Выбрать главу

Много примеров высокого героизма можно было бы привести из повседневной жизни дивизии, вся боевая служба которой — это блестящий ряд проявления отваги и величайшего напряжения сил в борьбе с превосходящим по численности и таким жестоким врагом, как коммунисты. И так трагически ясно, что этот дух особой, нечеловеческой стойкости сообщался одной только личностью — бароном Унгерном. Не стало его — те же храбрейшие из храбрых бросали обозы, пушки, пулеметы, раненых, неудержимой лавиной устремлялись на спасительный восток.

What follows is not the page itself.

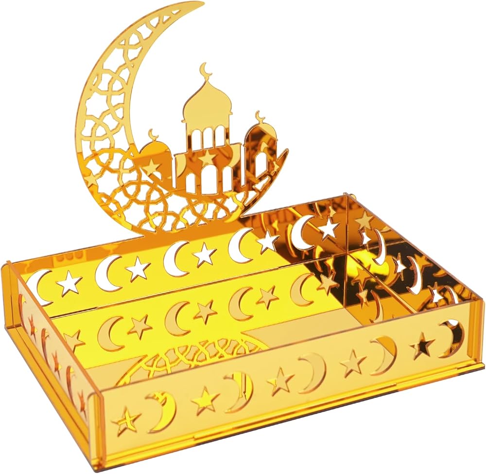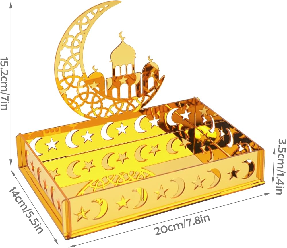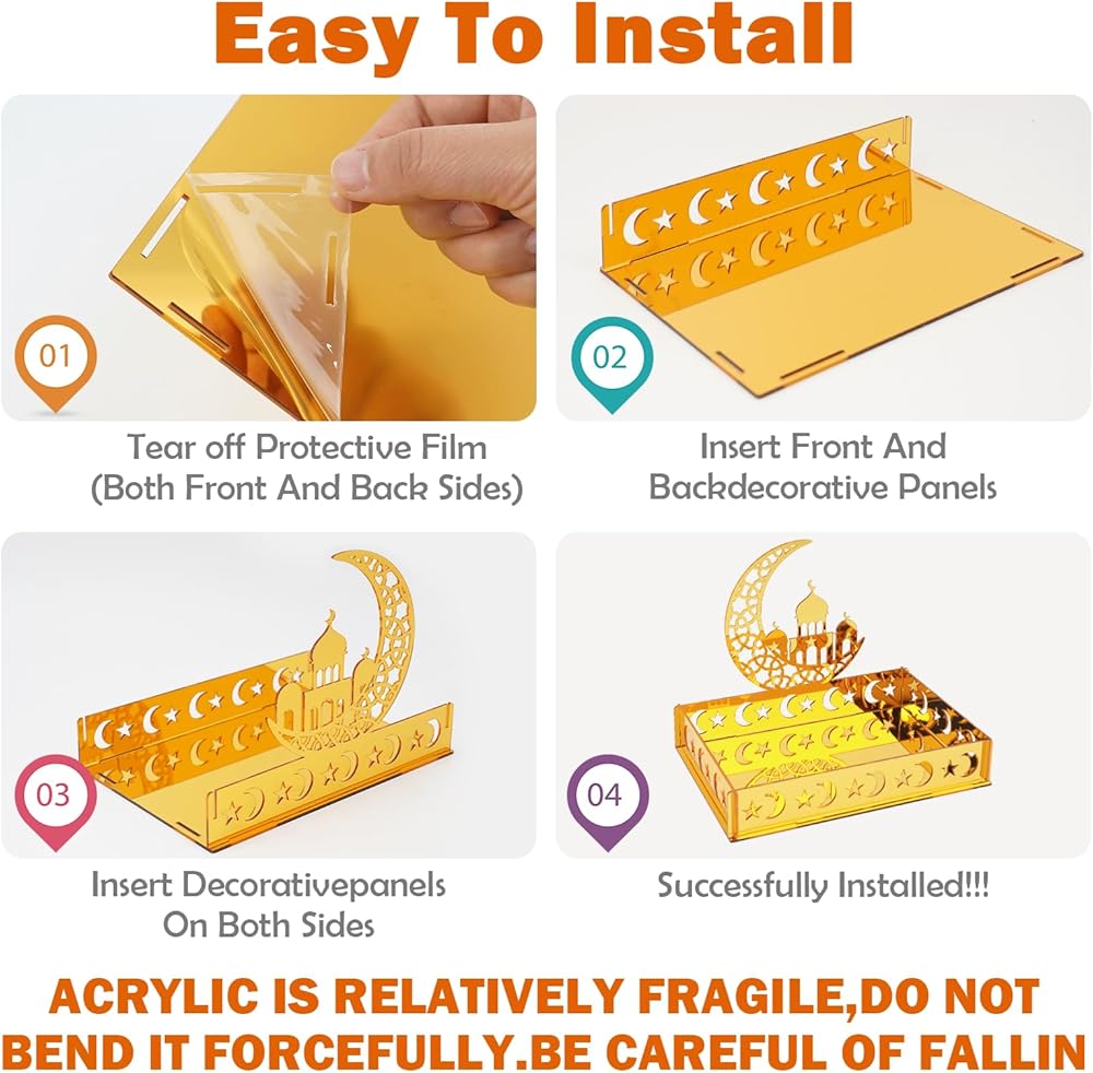 • ELEGANT DESIGN: Beautiful acrylic mirror display set featuring two iconic Ramadan symbols - a crescent moon & star piece and a decorative castle piece

Многие скажут, что это был лишь «героизм ташура», но такое объяснение страдает совершенно излишней примитивностью. Чтобы держать воинскую часть на высоте беспрерывного подвига, начальник ее должен являть образец самоотверженного служения своему долгу. С этой точки зрения Роман Федорович казался подлинным вождем, чрезвычайно импонировавшим и русским, и, в особенности, монголам — и своей внешностью, и сурово-повелительными манерами, и своим аскетизмом. Им дано бесконечное количество примеров личной отваги, бдительности и постоянной готовности подвергнуть себя опасности, хотя бы только во имя выручки отдельных своих подчиненных. Барон неоднократно спасал свои разведывательные части то от засад, то внезапно вырастая перед разъездом в непосредственной близости от противника, то прогоняя слишком упорного разведчика из зоны жестокого обстрела. В период опасных маршей дивизии барон следовал впереди головного отряда, а в бою находился в том пункте, где положение всего серьезнее. Такой же самоотверженности он искал в каждом офицере и всаднике. «Это ведь так просто», — вероятно, думал барон — «нужна только честность до конца — победить большевиков или же умереть с оружием в руках»…

Но и здесь, как повсюду, простое на взгляд — на деле оказывается чрезвычайно трудным… Рано или поздно барон должен был почувствовать, что он более чем одинок на своей идеологической вершине, что он изолирован на ней. Кто из нормальных, по общежитейской терминологии, людей мог бы идти на добровольную жертву в ногу с ним?

Распутывая яркие нити, из которых соткан причудливый рисунок натуры барона, мы подошли к вопросу о том, нормален ли был он с точки зрения психопатологии. Воды р. Селенги, в бассейне которой разыгрались главнейшие события лета 1921 г., отражавшие в ту пору нахмуренные лица странных по виду и чуждых им людей, очищенные от всего, что принесла река захваченного с собой в суетливом ее беге, дано уже успокоены в глубинах таинственного Байкала. Многие и многие из сподвижников барона, прокатившиеся бурным потоком по просторам Монголии, перешагнули уже грань вечности. Но оставшиеся в живых не в силах еще забыть своих красочных переживаний, волнующих их до сего времени… По прошествии многих лет и в обстановке мирной жизни так просто анализировать события минувшего. Отгремевшие грозы некоторым, пожалуй, покажутся лишь легкими облачками на далекой лазури их молодости… Но в 1921 г., когда, верный своей идее борьбы до конца, барон решил схватится со всей 5-й советской армией, многим из нас приходила мысль о бесцельности такой формы самоубийства, и непрестанно вновь и вновь восставал вопрос — кто же он, наш начальник дивизии?

Некоторый ответ на вопрос дает весьма интересный психологический документ барона, его приказ № 15, о котором было уже упомянуто выше. Этот приказ красочен и отнюдь не банален. Вне сомнения, приказ № 15 является крупнейшим из литературных произведений барона, выделявшегося, даже из скупых на слова военачальников, крайним лаконизмом речи. Приказ разделен на три части. В первой из них Роман Федорович изложил политическую программу, обязательную для всех отрядов, борющихся с красными на территории Сибири. Барон декларировал, что «Россия создавалась постепенно из малых отдельных частей, спаянных единством веры, племенным родством, а впоследствии — и общностью государственного начала». Пока России не коснулась революция, занесенная с чуждого ей Запада, Россия оставалась крепко спаянной, могущественной империей — «народ, руководимый интеллигенцией, как общественно — политической, так и либерально-бюрократической… начал сбиваться с прямого пути… терял прежние, давшие величие и мощь стране устои, перебрасывался от бунта во главе с царями — самозванцами к анархической революции и потерял сам себя… Потребовалось для разрушения многовековой работы только три месяца революционной свободы», — говорит далее барон — «Пришли большевики и дело разрушения было доведено до конца».